4) The authors have observed CCL2-responsiveness in macrophages, the T cell line SupT1, and in primary CD4 T cells. For example, Figure S3 shows that the replication of a clade B but not a clade C virus in SupT1 cells was inhibited by anti-CCL2. However, RNAseq data indicate that SupT1 cells express minimal amounts of CCL2 (as do other T cell lines). Similarly, RNAseq data indicate that purified primary CD4 T cells often express little or no CCL2, even after infection with HIV-1. The authors should indicate whether and how much CCL2 was expressed in the experiment involving SupT1 cells and primary CD4 T cells. Furthermore, the purity of the primary CD4 T cells should be demonstrated, to rule out the possibility that CCL2 came from contaminating monocytes/macrophages.

5) Figure S3: the p24 values shown are extremely low (pg rather than ng), indicating negligible virus replication in SupT1 cells, which in turn raises concerns about the relevance of the data. Although SupT1 cells are extremely permissive for X4 viruses, they express hardly any CCR5, and most R5 viruses cannot infect them. Indeed, Dejuco et al. have reported that ADA, one of the viruses used in the present study, does not infect SupT1 cells (J Virol 73, 7842, 1999). Although the authors may have used SupT1/CCR5 cells, this is not indicated anywhere. The Materials and methods merely state that the cells were from the NIH AIDS repository, which are unmodified.

6) Figure 1C and 6C: The effect of anti-CCL2 (i.e., accumulation of Pr55 and reduction of mature p24) seems more typical of an assembly defect (e.g., membrane binding or multimerization) than of the particle release defect. Have the authors confirmed that cells treated with anti-CCL2 accumulate arrested budding virus particles on the cell surface?

7) Figure 2B, C, E, 7C, and 8: These panels, which show the levels of released p24, should be accompanied by immunoblotting of cell lysates. This would confirm that Gag expression levels in cells are comparable under the different conditions tested.

8) The discussion should be strengthened in several respects. A) Considering that the main novelty/significance of this study comes from the finding that CCL2 triggers ALIX dissociation from actin cytoskeleton, additional mechanistic explanation (even if speculative) is desirable. In this regard, the discussion on RhoA is probably irrelevant, since RhoA regulates actin cytoskeleton assembly, whereas CCL2 does not seem to affect actin cytoskeleton formation (based on the amount of actin associated with insoluble pellets (Figure 3) or the abundance of stress fibers (Figure 4)), but rather the release of ALIX from actin. B) The authors state that the finding of CCL2-triggered ALIX redistribution has wide-ranging implications in cell and cancer biology but specific discussion on such implications is not provided.
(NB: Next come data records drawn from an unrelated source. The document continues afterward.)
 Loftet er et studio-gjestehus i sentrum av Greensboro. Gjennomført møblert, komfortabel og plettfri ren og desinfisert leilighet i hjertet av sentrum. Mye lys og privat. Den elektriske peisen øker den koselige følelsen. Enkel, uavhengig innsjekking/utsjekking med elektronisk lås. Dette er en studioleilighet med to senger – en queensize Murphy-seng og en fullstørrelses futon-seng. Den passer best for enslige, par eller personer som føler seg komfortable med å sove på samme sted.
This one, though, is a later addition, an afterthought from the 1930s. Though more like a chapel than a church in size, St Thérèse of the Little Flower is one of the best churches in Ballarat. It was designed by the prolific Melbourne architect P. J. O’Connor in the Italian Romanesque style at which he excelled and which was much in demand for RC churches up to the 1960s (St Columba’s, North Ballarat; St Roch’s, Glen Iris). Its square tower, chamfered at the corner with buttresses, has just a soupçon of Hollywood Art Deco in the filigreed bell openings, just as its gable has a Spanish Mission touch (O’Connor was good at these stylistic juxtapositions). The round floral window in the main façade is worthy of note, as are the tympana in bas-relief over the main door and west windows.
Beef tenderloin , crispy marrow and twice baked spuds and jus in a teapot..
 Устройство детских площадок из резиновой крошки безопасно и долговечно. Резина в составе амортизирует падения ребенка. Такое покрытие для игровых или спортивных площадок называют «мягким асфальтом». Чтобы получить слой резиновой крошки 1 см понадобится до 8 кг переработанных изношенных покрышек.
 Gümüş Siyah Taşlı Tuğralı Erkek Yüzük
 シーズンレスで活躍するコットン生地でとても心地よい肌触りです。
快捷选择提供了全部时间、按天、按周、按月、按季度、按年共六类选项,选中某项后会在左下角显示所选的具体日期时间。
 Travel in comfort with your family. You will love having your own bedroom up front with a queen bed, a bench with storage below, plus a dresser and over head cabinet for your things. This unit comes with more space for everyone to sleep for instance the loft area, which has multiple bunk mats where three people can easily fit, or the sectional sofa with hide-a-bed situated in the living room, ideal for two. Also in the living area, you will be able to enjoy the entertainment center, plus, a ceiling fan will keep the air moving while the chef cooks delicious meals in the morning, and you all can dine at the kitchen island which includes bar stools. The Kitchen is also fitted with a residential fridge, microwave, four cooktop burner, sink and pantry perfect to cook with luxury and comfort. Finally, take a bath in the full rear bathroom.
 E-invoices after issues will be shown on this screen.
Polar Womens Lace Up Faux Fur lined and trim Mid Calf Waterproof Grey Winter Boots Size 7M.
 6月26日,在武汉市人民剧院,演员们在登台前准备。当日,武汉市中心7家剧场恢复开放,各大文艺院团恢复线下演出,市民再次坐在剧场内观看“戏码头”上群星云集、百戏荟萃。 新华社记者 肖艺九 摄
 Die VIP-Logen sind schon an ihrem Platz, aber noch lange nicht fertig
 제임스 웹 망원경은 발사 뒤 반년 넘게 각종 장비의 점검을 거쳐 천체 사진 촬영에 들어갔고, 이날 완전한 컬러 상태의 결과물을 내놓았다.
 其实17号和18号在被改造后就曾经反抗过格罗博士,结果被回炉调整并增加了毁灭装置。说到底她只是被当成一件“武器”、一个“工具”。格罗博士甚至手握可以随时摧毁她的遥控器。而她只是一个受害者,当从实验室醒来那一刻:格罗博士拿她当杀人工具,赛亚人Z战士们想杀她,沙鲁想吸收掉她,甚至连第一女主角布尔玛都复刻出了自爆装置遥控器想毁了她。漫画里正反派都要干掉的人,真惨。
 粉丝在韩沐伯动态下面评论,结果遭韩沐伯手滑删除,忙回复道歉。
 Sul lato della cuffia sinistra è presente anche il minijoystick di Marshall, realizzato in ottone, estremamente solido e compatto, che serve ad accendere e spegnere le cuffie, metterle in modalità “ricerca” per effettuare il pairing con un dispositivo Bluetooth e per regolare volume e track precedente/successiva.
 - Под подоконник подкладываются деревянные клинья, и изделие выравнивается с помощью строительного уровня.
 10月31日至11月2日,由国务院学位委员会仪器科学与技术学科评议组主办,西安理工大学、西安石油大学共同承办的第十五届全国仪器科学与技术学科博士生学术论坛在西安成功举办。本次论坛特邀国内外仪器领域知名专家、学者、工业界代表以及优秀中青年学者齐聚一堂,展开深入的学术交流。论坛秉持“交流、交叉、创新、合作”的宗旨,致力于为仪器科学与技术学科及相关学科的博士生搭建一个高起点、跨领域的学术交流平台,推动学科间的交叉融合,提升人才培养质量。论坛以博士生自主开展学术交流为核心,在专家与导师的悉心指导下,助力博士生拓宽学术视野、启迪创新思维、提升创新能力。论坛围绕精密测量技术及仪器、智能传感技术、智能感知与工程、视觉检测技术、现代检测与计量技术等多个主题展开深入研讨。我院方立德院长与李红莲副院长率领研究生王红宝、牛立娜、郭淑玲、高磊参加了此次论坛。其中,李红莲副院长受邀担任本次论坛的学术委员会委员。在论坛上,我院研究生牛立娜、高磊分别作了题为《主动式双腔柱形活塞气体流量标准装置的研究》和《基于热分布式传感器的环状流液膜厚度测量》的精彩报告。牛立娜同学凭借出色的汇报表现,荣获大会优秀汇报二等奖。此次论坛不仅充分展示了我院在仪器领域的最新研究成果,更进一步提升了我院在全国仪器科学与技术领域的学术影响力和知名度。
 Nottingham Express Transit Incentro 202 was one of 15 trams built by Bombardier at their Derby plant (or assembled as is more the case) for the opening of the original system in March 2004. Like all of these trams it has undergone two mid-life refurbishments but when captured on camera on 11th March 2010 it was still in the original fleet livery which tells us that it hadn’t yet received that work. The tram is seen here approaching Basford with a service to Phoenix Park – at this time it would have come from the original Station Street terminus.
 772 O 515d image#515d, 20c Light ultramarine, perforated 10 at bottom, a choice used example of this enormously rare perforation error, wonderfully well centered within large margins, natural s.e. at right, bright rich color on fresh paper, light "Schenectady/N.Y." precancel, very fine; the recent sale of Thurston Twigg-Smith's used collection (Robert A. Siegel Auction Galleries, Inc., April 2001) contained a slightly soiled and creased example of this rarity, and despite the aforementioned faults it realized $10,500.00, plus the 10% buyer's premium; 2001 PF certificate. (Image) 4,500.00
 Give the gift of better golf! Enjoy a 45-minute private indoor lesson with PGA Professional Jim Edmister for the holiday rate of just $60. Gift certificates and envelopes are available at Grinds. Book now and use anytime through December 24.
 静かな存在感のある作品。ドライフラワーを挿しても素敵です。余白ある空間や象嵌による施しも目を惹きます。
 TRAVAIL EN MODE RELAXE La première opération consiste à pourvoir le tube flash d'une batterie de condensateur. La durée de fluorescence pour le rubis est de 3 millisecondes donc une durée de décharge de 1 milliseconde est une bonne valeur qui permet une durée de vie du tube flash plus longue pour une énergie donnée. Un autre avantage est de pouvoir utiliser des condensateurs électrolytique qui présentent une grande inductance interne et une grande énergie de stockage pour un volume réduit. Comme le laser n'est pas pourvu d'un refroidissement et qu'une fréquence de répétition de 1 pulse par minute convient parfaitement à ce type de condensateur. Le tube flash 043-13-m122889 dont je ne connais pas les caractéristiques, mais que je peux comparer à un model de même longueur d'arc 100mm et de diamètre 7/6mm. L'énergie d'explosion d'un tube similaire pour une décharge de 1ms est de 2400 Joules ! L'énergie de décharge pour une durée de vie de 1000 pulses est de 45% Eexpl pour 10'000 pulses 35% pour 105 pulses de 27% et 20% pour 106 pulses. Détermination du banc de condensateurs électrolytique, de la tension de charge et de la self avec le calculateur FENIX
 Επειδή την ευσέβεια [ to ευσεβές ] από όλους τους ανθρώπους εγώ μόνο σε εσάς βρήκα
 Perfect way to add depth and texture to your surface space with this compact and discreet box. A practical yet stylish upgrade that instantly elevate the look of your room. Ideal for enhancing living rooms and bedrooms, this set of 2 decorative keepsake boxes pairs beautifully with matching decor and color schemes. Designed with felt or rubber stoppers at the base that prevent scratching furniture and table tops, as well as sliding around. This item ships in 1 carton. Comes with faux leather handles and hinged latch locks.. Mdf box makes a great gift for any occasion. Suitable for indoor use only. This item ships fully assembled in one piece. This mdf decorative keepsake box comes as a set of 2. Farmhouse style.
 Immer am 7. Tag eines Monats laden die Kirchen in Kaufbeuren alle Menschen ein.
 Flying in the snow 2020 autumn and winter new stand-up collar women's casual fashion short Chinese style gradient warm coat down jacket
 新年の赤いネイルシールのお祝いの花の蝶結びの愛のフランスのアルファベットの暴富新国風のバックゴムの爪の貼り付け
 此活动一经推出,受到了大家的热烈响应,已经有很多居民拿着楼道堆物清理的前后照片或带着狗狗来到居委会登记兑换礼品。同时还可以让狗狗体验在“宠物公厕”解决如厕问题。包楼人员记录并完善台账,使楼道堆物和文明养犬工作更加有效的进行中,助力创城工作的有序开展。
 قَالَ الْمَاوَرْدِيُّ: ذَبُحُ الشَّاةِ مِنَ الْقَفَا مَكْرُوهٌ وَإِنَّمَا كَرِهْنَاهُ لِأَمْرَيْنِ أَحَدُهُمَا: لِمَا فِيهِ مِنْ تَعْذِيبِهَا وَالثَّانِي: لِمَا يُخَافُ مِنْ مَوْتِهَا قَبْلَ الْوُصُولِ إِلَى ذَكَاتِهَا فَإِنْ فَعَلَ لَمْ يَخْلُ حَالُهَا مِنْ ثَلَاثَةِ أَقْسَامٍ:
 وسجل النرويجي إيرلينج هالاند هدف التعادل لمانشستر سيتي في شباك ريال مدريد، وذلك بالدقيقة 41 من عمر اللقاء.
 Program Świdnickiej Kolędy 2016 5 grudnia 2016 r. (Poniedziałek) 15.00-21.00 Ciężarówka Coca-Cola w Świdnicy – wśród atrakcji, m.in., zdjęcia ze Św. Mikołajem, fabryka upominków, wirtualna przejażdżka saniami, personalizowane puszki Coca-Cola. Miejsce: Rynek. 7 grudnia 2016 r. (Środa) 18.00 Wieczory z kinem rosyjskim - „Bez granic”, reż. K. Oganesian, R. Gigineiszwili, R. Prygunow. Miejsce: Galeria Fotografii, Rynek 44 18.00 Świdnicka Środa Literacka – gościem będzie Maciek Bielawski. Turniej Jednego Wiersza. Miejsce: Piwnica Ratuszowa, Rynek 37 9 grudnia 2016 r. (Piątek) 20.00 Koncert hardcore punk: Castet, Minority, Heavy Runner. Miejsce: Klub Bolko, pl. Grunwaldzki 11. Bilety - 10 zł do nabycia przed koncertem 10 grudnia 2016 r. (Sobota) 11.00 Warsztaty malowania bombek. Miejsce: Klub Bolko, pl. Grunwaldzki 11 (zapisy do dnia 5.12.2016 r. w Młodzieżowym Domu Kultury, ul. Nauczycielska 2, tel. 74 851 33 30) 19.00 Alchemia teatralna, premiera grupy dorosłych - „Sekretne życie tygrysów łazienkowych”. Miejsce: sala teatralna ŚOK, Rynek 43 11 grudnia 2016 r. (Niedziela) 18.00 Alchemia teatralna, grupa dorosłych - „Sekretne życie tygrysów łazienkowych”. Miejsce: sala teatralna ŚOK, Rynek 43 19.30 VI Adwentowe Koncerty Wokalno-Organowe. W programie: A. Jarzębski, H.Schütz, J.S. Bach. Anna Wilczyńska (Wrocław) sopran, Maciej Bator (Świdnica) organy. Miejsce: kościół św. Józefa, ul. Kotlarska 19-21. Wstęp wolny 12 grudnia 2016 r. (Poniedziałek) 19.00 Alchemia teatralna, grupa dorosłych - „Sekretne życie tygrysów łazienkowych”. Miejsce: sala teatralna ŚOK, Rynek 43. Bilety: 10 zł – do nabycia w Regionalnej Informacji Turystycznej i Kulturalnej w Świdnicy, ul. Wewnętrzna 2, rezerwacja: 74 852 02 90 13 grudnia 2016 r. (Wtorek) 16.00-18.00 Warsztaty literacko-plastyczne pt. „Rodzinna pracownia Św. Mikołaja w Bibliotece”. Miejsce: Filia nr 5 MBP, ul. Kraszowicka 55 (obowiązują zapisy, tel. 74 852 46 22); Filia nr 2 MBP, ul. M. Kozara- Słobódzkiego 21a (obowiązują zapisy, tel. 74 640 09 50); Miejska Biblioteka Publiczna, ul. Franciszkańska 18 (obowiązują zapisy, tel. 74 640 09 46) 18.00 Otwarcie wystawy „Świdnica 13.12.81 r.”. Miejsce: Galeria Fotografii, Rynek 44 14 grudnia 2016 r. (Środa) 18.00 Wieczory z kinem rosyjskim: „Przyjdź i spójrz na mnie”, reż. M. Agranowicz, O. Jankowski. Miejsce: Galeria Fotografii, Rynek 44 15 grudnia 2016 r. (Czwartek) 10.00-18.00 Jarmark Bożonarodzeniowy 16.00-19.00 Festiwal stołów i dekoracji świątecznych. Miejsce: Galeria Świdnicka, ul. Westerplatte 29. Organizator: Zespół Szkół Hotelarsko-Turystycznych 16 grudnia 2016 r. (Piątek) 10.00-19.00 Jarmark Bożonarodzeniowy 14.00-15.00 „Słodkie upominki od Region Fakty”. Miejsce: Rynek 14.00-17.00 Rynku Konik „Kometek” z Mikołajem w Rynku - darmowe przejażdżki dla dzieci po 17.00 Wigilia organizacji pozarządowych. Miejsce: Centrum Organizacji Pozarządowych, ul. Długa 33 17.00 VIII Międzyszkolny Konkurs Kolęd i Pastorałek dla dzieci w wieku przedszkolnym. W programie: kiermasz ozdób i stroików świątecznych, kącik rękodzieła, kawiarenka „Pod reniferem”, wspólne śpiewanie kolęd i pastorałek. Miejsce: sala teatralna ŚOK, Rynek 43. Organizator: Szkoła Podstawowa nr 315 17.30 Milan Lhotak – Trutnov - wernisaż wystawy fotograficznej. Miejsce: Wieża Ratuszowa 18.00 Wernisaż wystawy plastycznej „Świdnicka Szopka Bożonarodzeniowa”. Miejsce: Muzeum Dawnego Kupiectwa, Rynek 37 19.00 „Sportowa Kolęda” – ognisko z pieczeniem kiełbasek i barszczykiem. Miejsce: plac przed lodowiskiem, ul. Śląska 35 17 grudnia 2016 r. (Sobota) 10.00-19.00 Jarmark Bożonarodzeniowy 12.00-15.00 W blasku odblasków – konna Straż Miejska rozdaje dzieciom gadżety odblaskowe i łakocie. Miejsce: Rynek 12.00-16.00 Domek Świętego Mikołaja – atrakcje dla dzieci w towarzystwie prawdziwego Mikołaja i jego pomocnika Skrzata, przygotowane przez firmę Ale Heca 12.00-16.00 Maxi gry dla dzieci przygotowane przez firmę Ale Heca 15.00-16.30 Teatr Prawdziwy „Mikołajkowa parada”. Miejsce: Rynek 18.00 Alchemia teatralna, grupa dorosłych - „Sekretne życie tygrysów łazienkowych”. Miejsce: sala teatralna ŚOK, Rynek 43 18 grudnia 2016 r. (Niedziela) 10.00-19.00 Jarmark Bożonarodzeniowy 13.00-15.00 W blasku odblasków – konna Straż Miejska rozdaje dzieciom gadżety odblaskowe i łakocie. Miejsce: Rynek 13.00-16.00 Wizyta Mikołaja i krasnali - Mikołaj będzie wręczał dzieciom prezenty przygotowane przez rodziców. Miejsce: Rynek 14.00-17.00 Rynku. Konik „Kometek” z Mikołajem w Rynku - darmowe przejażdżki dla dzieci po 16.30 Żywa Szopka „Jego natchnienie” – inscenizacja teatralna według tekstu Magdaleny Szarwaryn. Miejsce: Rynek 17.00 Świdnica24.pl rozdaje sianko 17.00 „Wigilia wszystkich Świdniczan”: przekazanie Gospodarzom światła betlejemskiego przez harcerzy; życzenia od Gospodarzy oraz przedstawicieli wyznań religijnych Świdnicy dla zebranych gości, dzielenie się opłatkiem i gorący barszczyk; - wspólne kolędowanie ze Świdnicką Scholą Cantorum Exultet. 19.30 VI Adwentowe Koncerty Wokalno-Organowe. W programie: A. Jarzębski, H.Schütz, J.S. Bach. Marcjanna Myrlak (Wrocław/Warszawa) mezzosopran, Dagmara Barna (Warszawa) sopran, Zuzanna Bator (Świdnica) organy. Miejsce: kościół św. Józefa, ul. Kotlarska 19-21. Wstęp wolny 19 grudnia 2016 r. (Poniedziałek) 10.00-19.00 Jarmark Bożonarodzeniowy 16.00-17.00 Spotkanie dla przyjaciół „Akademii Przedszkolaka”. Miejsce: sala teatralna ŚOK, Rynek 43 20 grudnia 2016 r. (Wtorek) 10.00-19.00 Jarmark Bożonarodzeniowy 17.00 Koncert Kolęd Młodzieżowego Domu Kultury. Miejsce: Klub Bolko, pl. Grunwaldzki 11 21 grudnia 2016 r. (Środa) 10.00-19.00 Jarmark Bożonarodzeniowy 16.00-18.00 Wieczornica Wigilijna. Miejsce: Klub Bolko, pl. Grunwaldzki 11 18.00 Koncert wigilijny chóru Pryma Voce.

https://doi.org/10.7554/eLife.35546.046

Author response

[Editors’ note: the author responses to the first round of peer review follow.]

Ajasin et al. propose that binding of the host factor ALIX to its "YPXL" binding site on HIV-1 Gag-p6 is functionally modulated by the chemokine CCL2, and that this regulatory axis promotes replication of clade B HIV-1 isolates. Specifically, the authors argue that CCL2 promotes releases ALIX from the actin cytoskeleton, thereby increasing the ALIX-p6 interaction and stimulating HIV-1 budding. Unlike other HIV-1 clades, most subtype C isolates lack a functional ALIX binding site in p6. Nicely, the authors found that a subtype C virus was insensitive to CCL2 but became responsive when an ALIX binding site was introduced, which strengthens the case that CCL2 is acting via ALIX.

The activity and mechanism by which CCL2 enhances HIV-1 replication is of interest, which makes the study potentially important. More generally, the effects of extracellular stimuli on virus exit (except for those of IFNs) have not been widely studied. Despite intriguing observations, however, a number of aspects of the study are not yet convincing because several of the key observations need to be established more rigorously and because the mechanism underlying CCL2 alteration of ALIX subcellular localization is rather preliminary and requires more complete characterization. Given the quantity of experimental work required for publication, the recommended decision is rejection. However, the authors would be welcome to resubmit a new, improved manuscript to eLife on this topic if they are able to address the reviewers' concerns (described below). Alternatively, the authors are, of course, welcome to submit the manuscript to another journal if they prefer.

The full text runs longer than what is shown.